→ Exercise directions
Check every line below for the word "June" and copy the ones that have it.

→ Dataset records
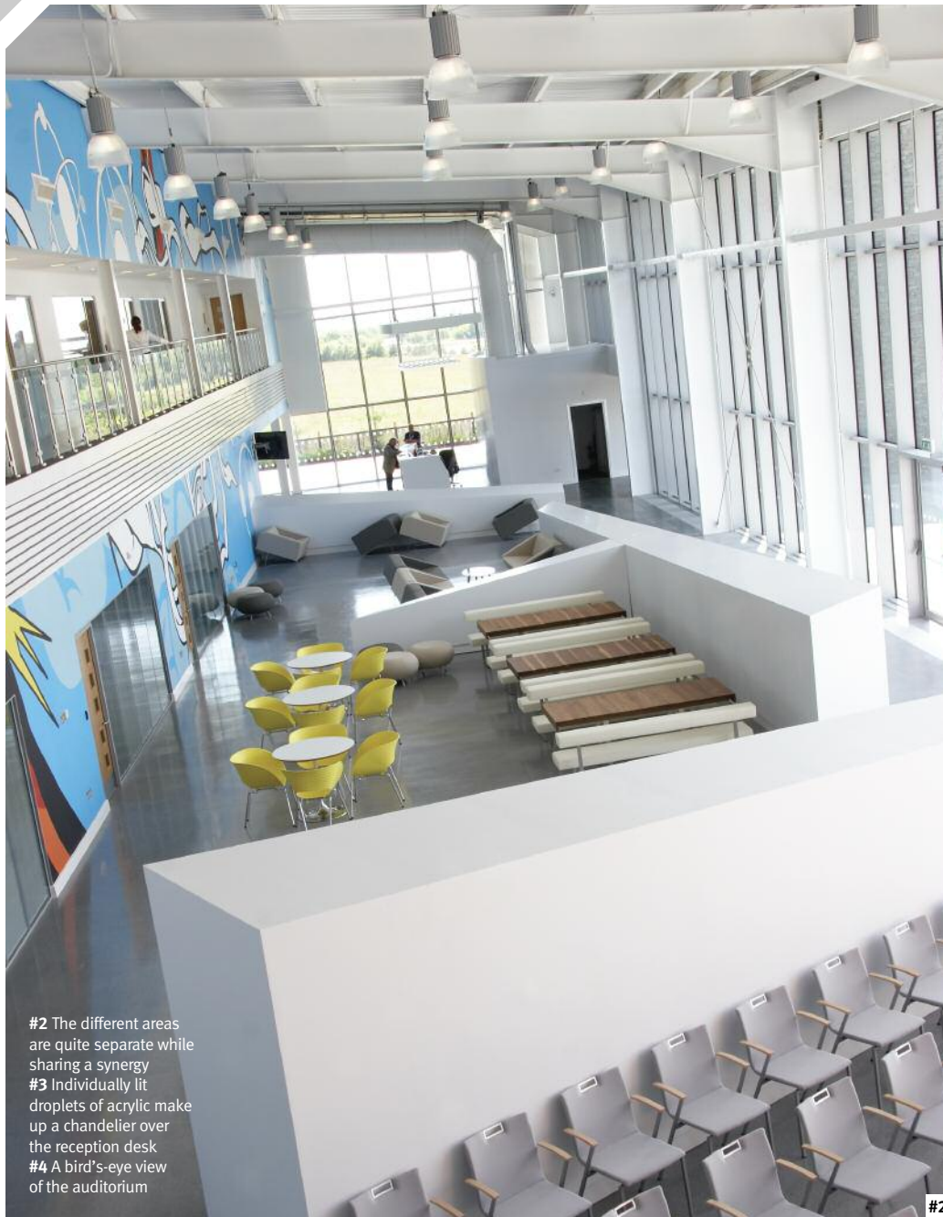
#2 The different areas are quite separate while sharing a synergy #3 Individually lit droplets of acrylic make up a chandelier over the reception desk #4 A bird's-eye view of the auditorium
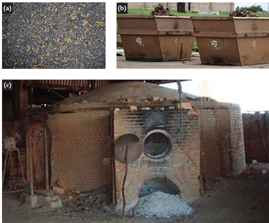
Figure 1 a) rice husk ash; b) buckets with sludge from water treatment station; c) wood ash from a ceramic industry.

In this work, three types of residues as an additive to ceramic mass were investigated for the production of ceramic coating. The residues studied were: rice husk ash (RHA), sludge from water treatment station (SWTS) and wood ash (WA), see Figure 1.
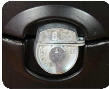
Push & turn locking mechanism
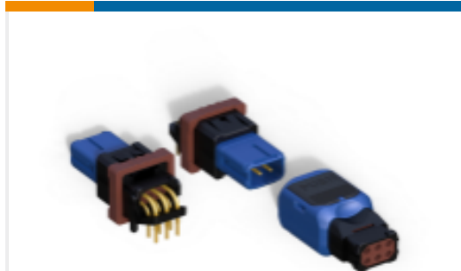
TE Part #YD369-B99-AP000000 369 9 WAY PANEL MNT REC, NO CONTACTS,PIN
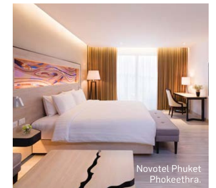
Novotel Phuket Phokeethra.
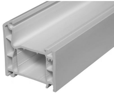
Figure 1C – Vinyl Windows
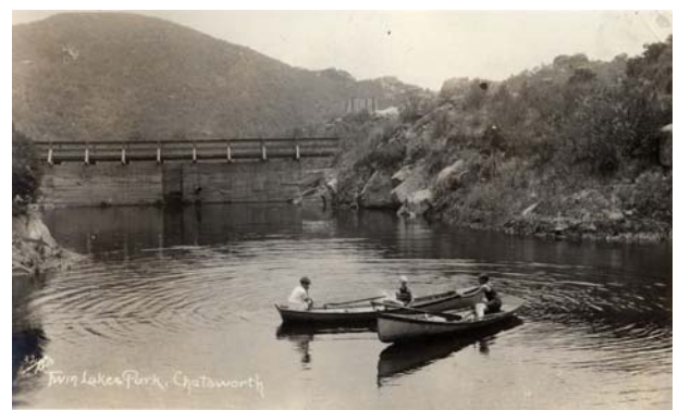
Twin Lake residents boating on Raymond Lake. The Dam shown on the left is still in place and serves as an access bridge to homes north of Devil Canyon. The dam gate was opened in April of 1948 after much discussion of required maintenance and with some hesitation, not knowing if it would refill with the next rain season. Their newsletter account of the situation says "the canyon foamed water for 40 minutes....then a million gallons

as Raymond Lake) has been dry since 1948. The lake at Browns Canyon dam was silted over in the 40's, but can still be seen today if you drive to the end of DeSoto just north of the freeway, and look up the canyon. Raymond Lake was the centerpiece of the community with the adjacent boat landing, swimming house and Mayan Observation Building. Local Chatsworth residents are known to have been baptized at Raymond Lake.
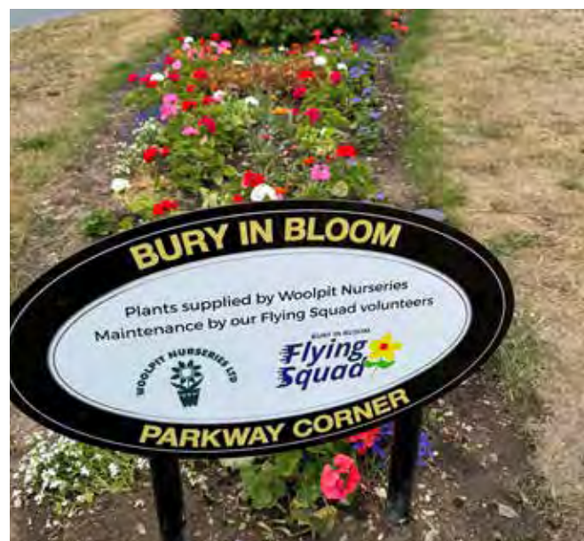
New signage to promote our sponsor and volunteer group June 2025

Weedkiller, although used in small amounts for 'hard to tackle' areas, is now no longer the go-to option for West Suffolk Council. We are very grateful for this at Bury in Bloom.
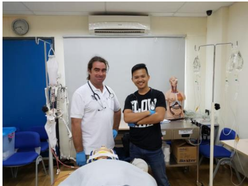
DMT in Singapore on 12 - 23 Jun
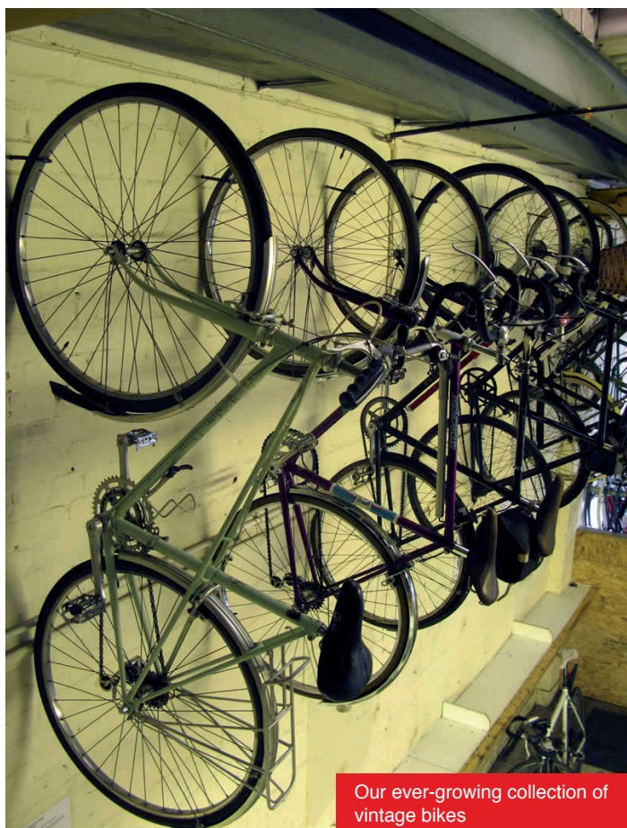
Our ever-growing collection of vintage bikes
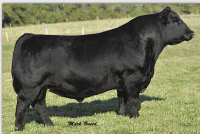
PVF Insight 0129 - Service Sire of Lot 20A
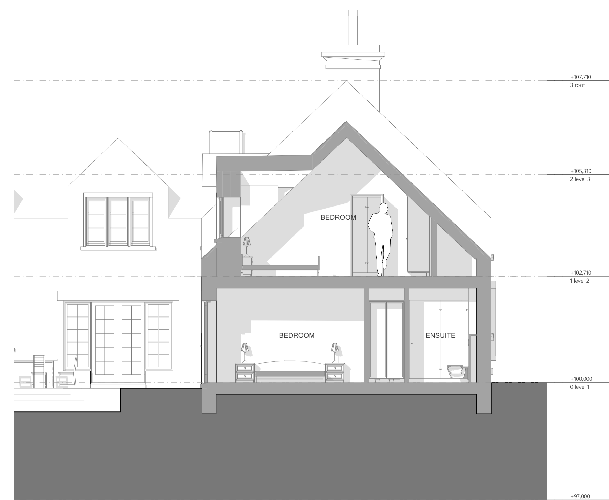
S-02 Proposed Section BB 1:50
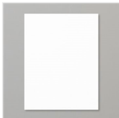
Basic White 8-1/2" X 11" Cardstock - 159276
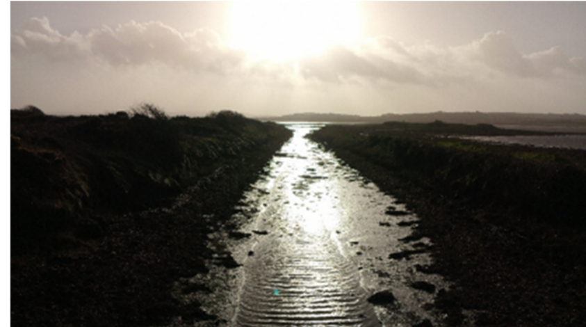
Plate 16.56: Large drainage feature (CH1.25), facing south-southwest
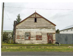
Kaitiaki Billboards Station, 2017
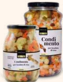
Condimento per Insalata di Riso in olio Rice seasoning in oil CODE: VCO059 - 950g | VCO060 - 2900g
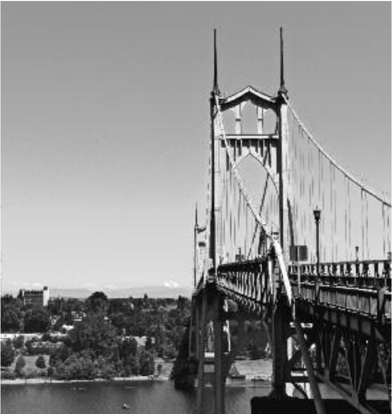
STANDING GIANT BY MATT KLEMSZ
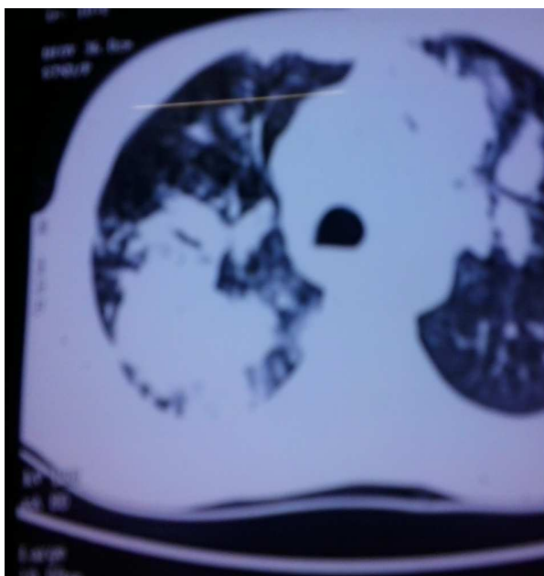
Figure 2. CECT Chest showing multifocal homogenous opacity Rt lung > Lt lung.
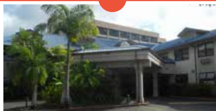
ASI assumed management of The Harry & Jeanette Weinberg Hale Kuha'o in Waipahu, Hawaii.
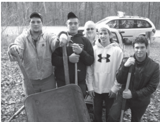
MUHS diversified education program spread gravel on the Means Woods part of the TAM November 18.
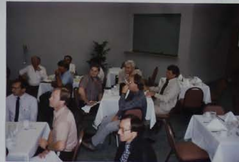
MEMBERS WATCH THE GOINGS-ON.
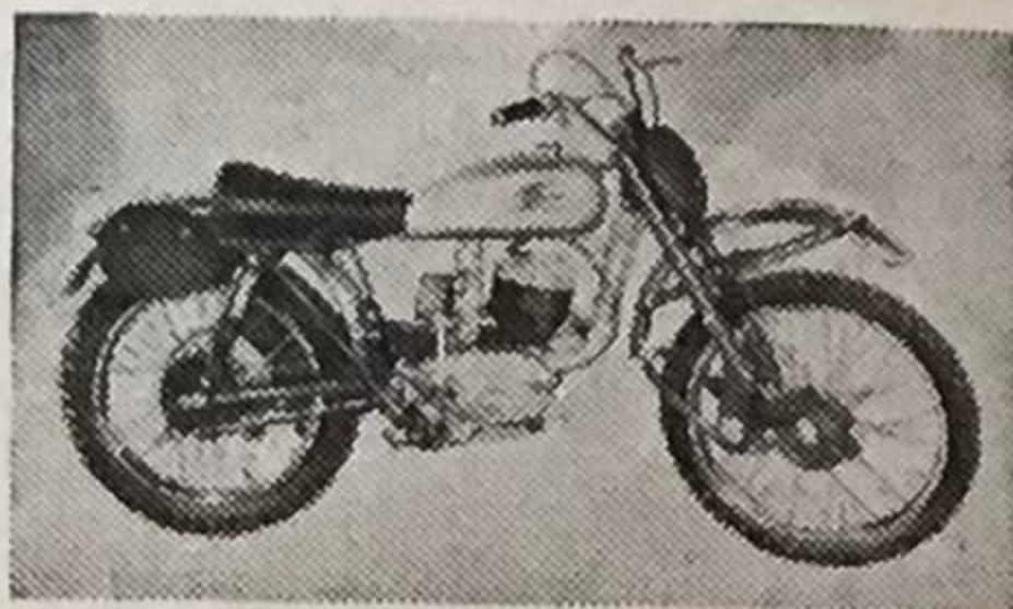
250 cc Hawkstone Special 24SCS
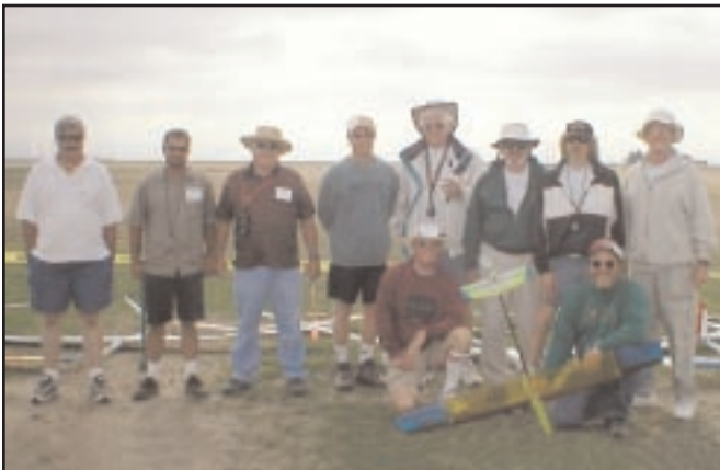
S3 members at Spring Fling 2002

S3 made a strong appearance at this year's Spring Fling in Sacramento on June 22-23. Ten members made the trip over the hill to participate in a contest with better than average weather and poorer than average attendance.
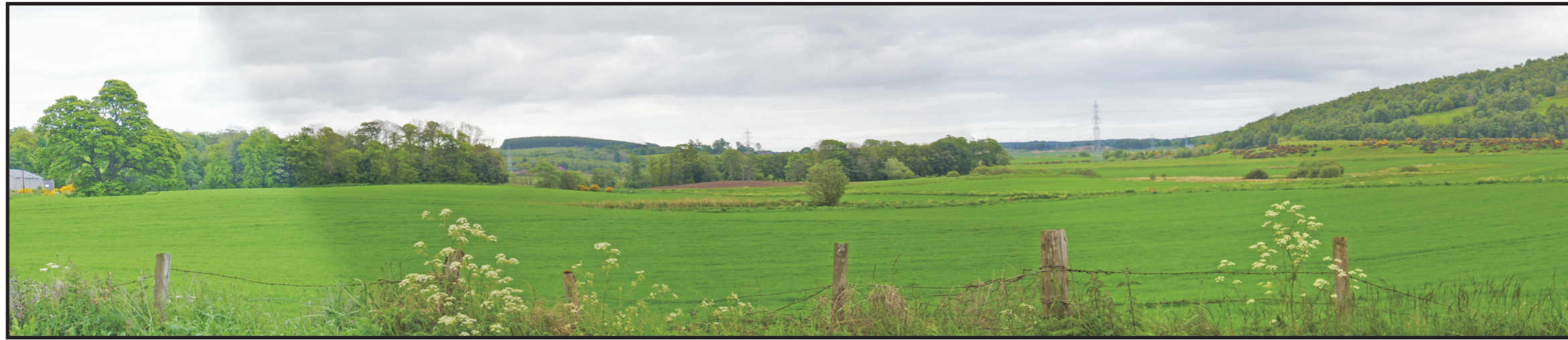
Viewpoint 17 - Upper Don Valley (Valley Landscape Character Type)
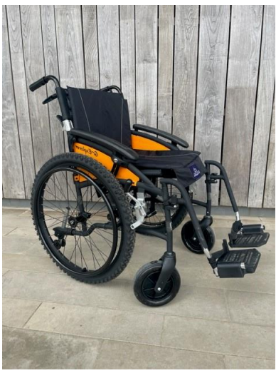
All terrain wheelchair
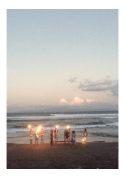
Figure 5 Pering Beach

Pering Beach was chosen based on the wide exploration space of the beach and the black sand of the beach. With black beach sand, the image of the dancer's reflection on the infiltration of the waves in the sand will be easily obtained. The beach will also support images related to the attraction of the Kecak dance and also the natural charm.
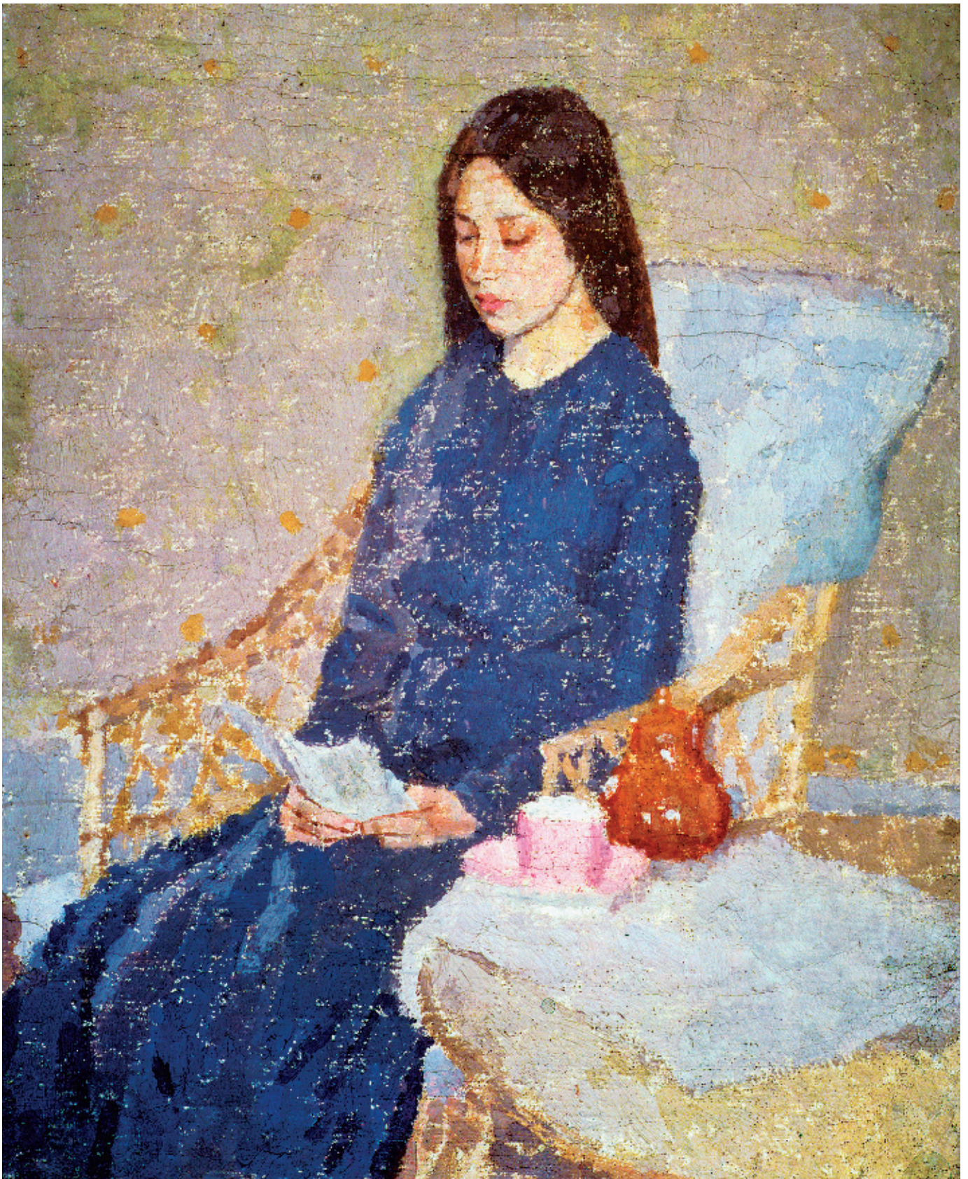
The Convalescent , Gwen John. Oil on canvas, 40.9 cm × 33 cm. PD.24-1951.
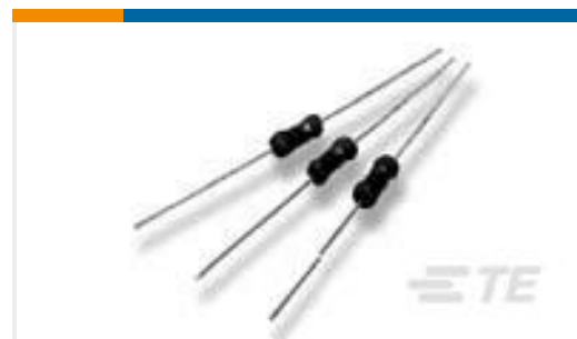
TE Part # 1-1625893-3 5W SM M/OX 2% 22R
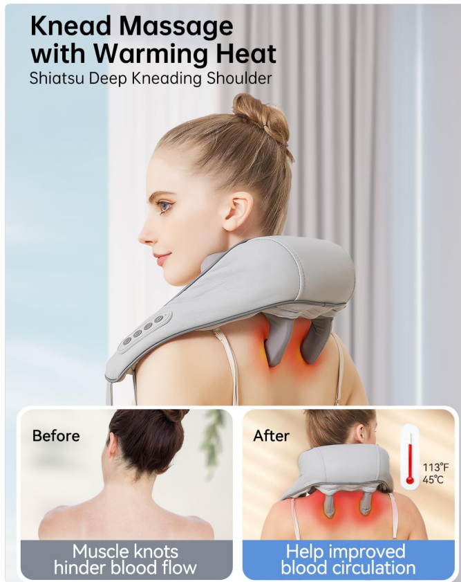
Image: A comparison showing "Before" with muscle knots hindering blood flow and "After" with improved blood circulation due to the warming heat function, indicating a temperature of 113°F (45°C).
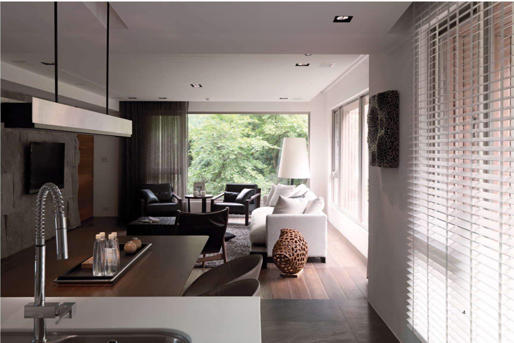
2. 以一開放性平面，連結戶外的綠蔭。3. 藉由牆面中移動的拉門連結或區隔，模糊空間界定。4. 空間內隨光影而生的自在隨意感。5. 從自然、光線與材質的運用切入，淬鍊出最精簡的空間本質。 3. Open flexible space links directly to the exterior landscape 4. Sliding doors are a mechanism that gives the apartment flexible space 5. Lighting quality inside the room 6. Nature, light and material are main themes of the space

設計概念 在山的前面 學會觀察風的姿態 學會體驗時間的流逝 學會如何放開自己 學會如何休息 由於整個基地擁有非常優良的基地條件，兩道迎向滿山綠意、幾無遮擋的落地窗，讓設計者站在現場感受到這片難得的景致時，決定以居住者心態去思考，讓空間以「靜」的姿態，來對應自然的生動。空間規劃由一道主要石材的牆面展開，區分了內外公私。由此，決定了一個開放的態度。讓每一個空間藉由牆面中移動的拉門連結或區隔，模糊了空間的界定，重新定義。 在主臥室的另一端，是設計者為居住者創造的彈性休閒空間，其中，另一個重要元素空間：臥榻，結合了窗邊植栽連貫了兩個場域，讓兩個看似獨立的區域卻又有一種開放性的穿透連結。可任意由居住者隨時間、心情，自由移動至不同區域角落，感受空間內隨光影而生的自在隨意感。 在此案中，設計師從空間中最原始的調性中著手，從自然、光線與材質的運用切入，淬鍊出最精簡的空間本質，讓一天的過程可以在空間充分享受一處一景，生活的空間本該如此。
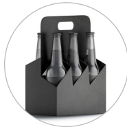
Consumer Goods Packaging
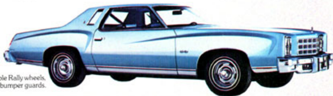
Monte Carlo Coupe with available Rally wheels, white stripe tires and bumper guards.

Cruise-Master speed control maintains a pre-selected speed, disengages by light touch on brake; excellent for long highway drives • Intermittent windshield wiper system for use in light rain or mist • Wiper action at speed set by driver • Econominder Gauge Package tells when car is running in economical range. Includes engine temperature gauge and voltmeter • Positraction rear axle supplies power to wheel with most traction for use in snow or mud • Heavy-duty suspension, front and rear, has special rate springs and shock absorbers for hauling heavy loads; required for trailering • Heavy-duty battery • Heavy-duty Delcotron generator, 61 amp • Heavy-duty radiator.

→ Output of the task
New signage to promote our sponsor and volunteer group June 2025
S3 made a strong appearance at this year's Spring Fling in Sacramento on June 22-23. Ten members made the trip over the hill to participate in a contest with better than average weather and poorer than average attendance.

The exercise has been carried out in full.